Напряжение в лодыжках подсказывало мне, что наш путь идет под углом вниз, как и в катакомбах возле Эйфелевой башни.
Я понимала, что для Ирен это хороший знак, но меня такая перспектива весьма расстраивала. Углубляться в темноту положено шахтерам, а не леди. Но лучше уж принять участие в приключении, чем остаться спать в гостинице, а так бы оно, боюсь, и случилось, если бы я не проснулась, готовая присоединиться к экспедиции.
– Чувствуете какие-нибудь запахи? – спросила Ирен.
– Затхлость, – ответила я. – Пыль. Грязь. Сырость. Крысы и кошки.
– Свечной воск, – добавила Элизабет, – но свеча у вас в руках. И запах какого-то алкоголя, не вина.
– Очевидно, – не удержалась я от колкости, – я провела слишком мало времени в борделях, изобилующих алкоголем и свечами, чтобы натаскать нюх на запах порочности.
– Лучше не поминай порочность, Нелл, – посоветовала мне Ирен язвительно. – Я искренне надеюсь, что именно ее скупые следы мы найдем в конце этого коридора.
– Скупые?
– Ну, если следов не будет совсем, это никак не поможет нашему расследованию.
Кажется, я остановилась.

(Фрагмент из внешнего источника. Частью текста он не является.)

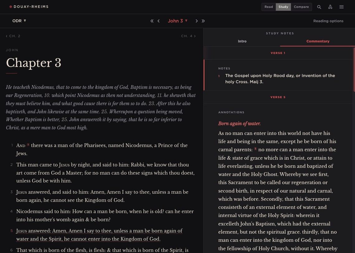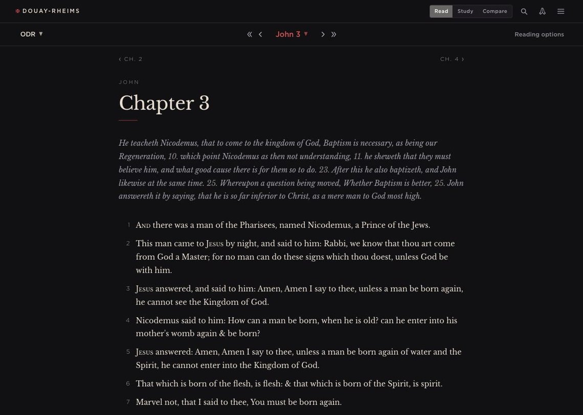 The King James Version is also available. It is relevant here less as a Protestant counterpart than as the source Challoner drew on when modernising the Original Douay-Rheims' English. Reading the three texts together, Original Douay-Rheims alongside Challoner alongside KJV, traces that influence directly. The Revised Standard Version Catholic Edition is planned as a further modern reference.

Во всяком случае, Элизабет наткнулась на меня сзади, пересчитав мне ребра своей тростью.
Я протестующе мяукнула – единственный звук, на который я отважилась в данных обстоятельствах. Если наша троица привлечет к себе внимание жандармов, это произойдет не по моей вине!
– Почувствуйте свежий влажный воздух! – Тон Ирен напоминал восторг пассажира быстроходного катера или одного из тех больших двухпалубных пароходов, которые возят экскурсантов и туристов вверх и вниз по изогнутому руслу Сены.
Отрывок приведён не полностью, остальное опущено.